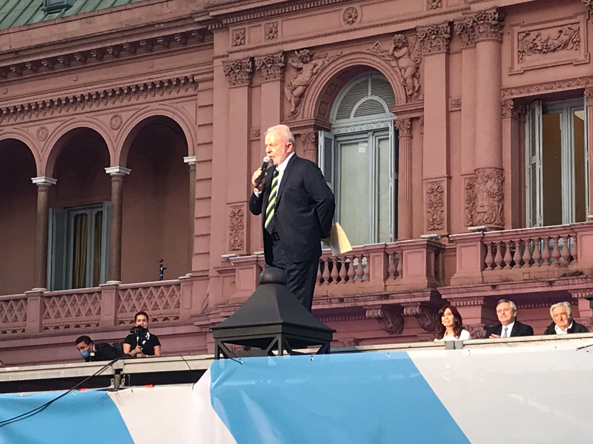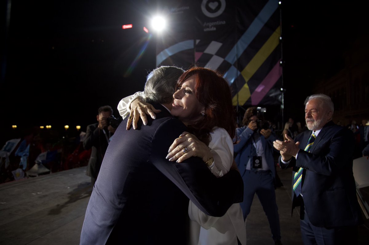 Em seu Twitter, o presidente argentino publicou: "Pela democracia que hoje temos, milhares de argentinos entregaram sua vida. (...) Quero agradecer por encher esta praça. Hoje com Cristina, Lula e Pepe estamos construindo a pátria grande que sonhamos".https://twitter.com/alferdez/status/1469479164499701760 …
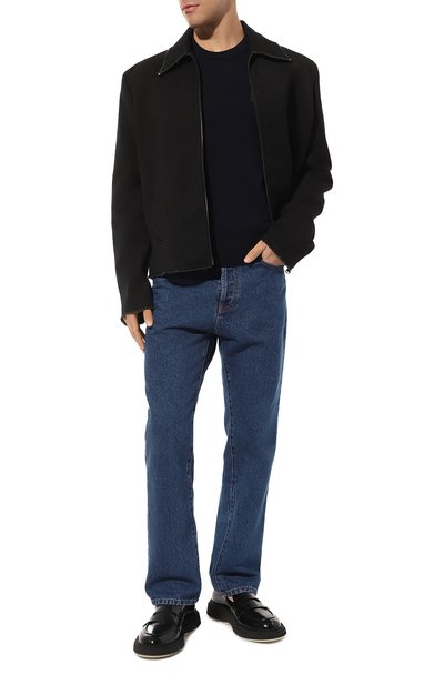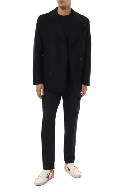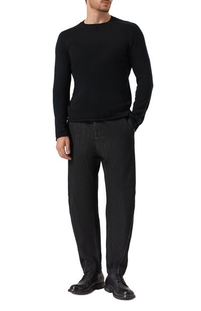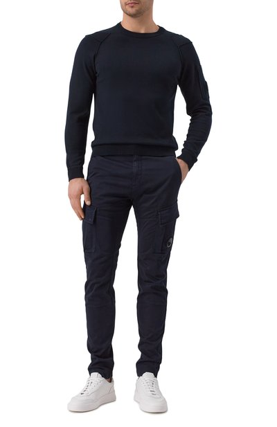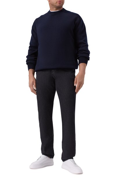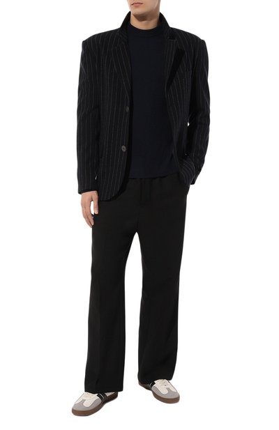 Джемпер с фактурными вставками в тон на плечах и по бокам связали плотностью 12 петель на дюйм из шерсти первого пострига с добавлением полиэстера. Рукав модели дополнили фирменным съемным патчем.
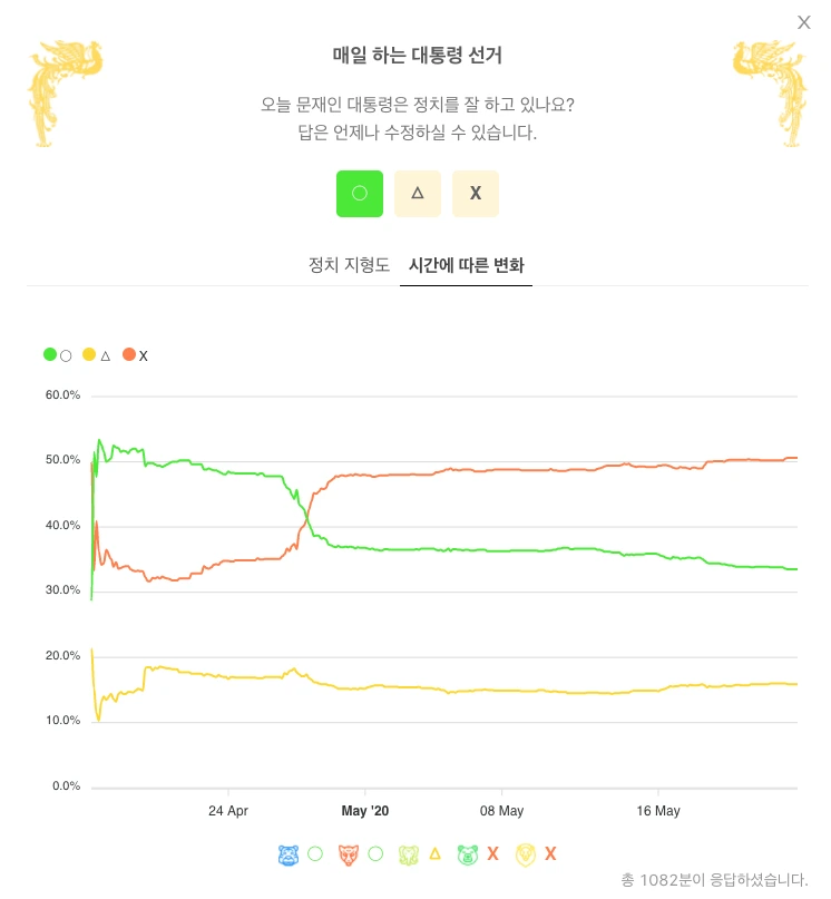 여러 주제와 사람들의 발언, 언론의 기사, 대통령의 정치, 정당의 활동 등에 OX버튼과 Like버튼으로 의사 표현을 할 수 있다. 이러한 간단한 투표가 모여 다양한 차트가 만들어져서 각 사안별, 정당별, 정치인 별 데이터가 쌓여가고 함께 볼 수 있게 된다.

▶ What the task requires:
Give back all of the material exactly, though without the images it contains.

▶ Answer to the problem:
 Em seu Twitter, o presidente argentino publicou: "Pela democracia que hoje temos, milhares de argentinos entregaram sua vida. (...) Quero agradecer por encher esta praça. Hoje com Cristina, Lula e Pepe estamos construindo a pátria grande que sonhamos".https://twitter.com/alferdez/status/1469479164499701760 …
 Джемпер с фактурными вставками в тон на плечах и по бокам связали плотностью 12 петель на дюйм из шерсти первого пострига с добавлением полиэстера. Рукав модели дополнили фирменным съемным патчем.
 여러 주제와 사람들의 발언, 언론의 기사, 대통령의 정치, 정당의 활동 등에 OX버튼과 Like버튼으로 의사 표현을 할 수 있다. 이러한 간단한 투표가 모여 다양한 차트가 만들어져서 각 사안별, 정당별, 정치인 별 데이터가 쌓여가고 함께 볼 수 있게 된다.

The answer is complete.